First results from the IllustrisTNG simulations: the galaxy colour bimodality

Abstract

We introduce the first two simulations of the IllustrisTNG project, a next generation of cosmological magnetohydrodynamical simulations, focusing on the optical colors of galaxies. We explore TNG100, a rerun of the original Illustris box, and TNG300, which includes 2× 2500³ resolution elements in a volume twenty times larger. Here we present first results on the galaxy color bimodality at low redshift. Accounting for the attenuation of stellar light by dust, we compare the simulated (g-r) colors of 10⁹ < M_⋆/M_⊙ < 10^12.5 galaxies to the observed distribution from the Sloan Digital Sky Survey (SDSS). We find a striking improvement with respect to the original Illustris simulation, as well as excellent quantitative agreement with the observations, with a sharp transition in median color from blue to red at a characteristic M_⋆ ∼ 10^10.5 M_⊙ . Investigating the build-up of the color-mass plane and the formation of the red sequence, we demonstrate that the primary driver of galaxy color transition is supermassive blackhole feedback in its low-accretion state.
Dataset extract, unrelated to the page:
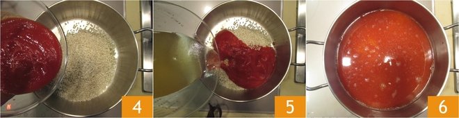 add a pinch of salt, the tomato sauce 4, the broth 5, bring to the heat and start cooking 6. Stir often and cook for about 17 minutes (times may vary depending on the quality of the rice, Carnaroli cooks in 15-18 minutes).
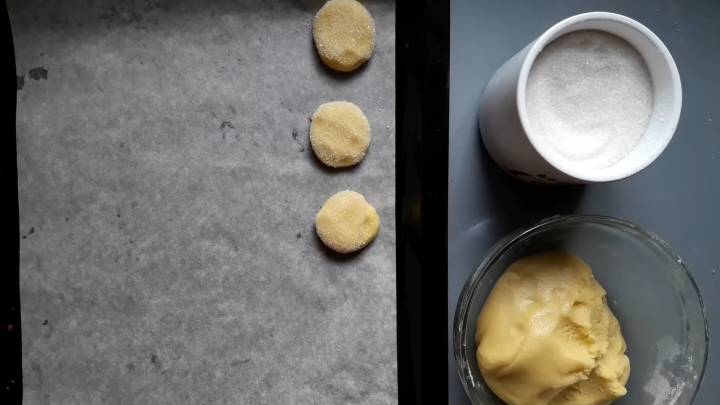 Противень выстелите пергаментной бумагой. От теста отщипывайте по кусочку, расплющивайте руками и обмакивайте в сахар с одной стороны.

Across the entire population the median color transition timescale Δt_green is ∼ 1.6 Gyr, a value which drops for increasingly massive galaxies. We find signatures of the physical process of quenching: at fixed stellar mass, redder galaxies have lower SFRs, gas fractions, and gas metallicities; their stellar populations are also older and their large-scale interstellar magnetic fields weaker than in bluer galaxies. Finally, we measure the amount of stellar mass growth on the red sequence. Galaxies with M_⋆ > 10¹¹ M_⊙ which redden at z < 1 accumulate on average ∼ 25% of their final z = 0 mass post-reddening; at the same time, ∼ 18% of such massive galaxies acquire half or more of their final stellar mass while on the red sequence.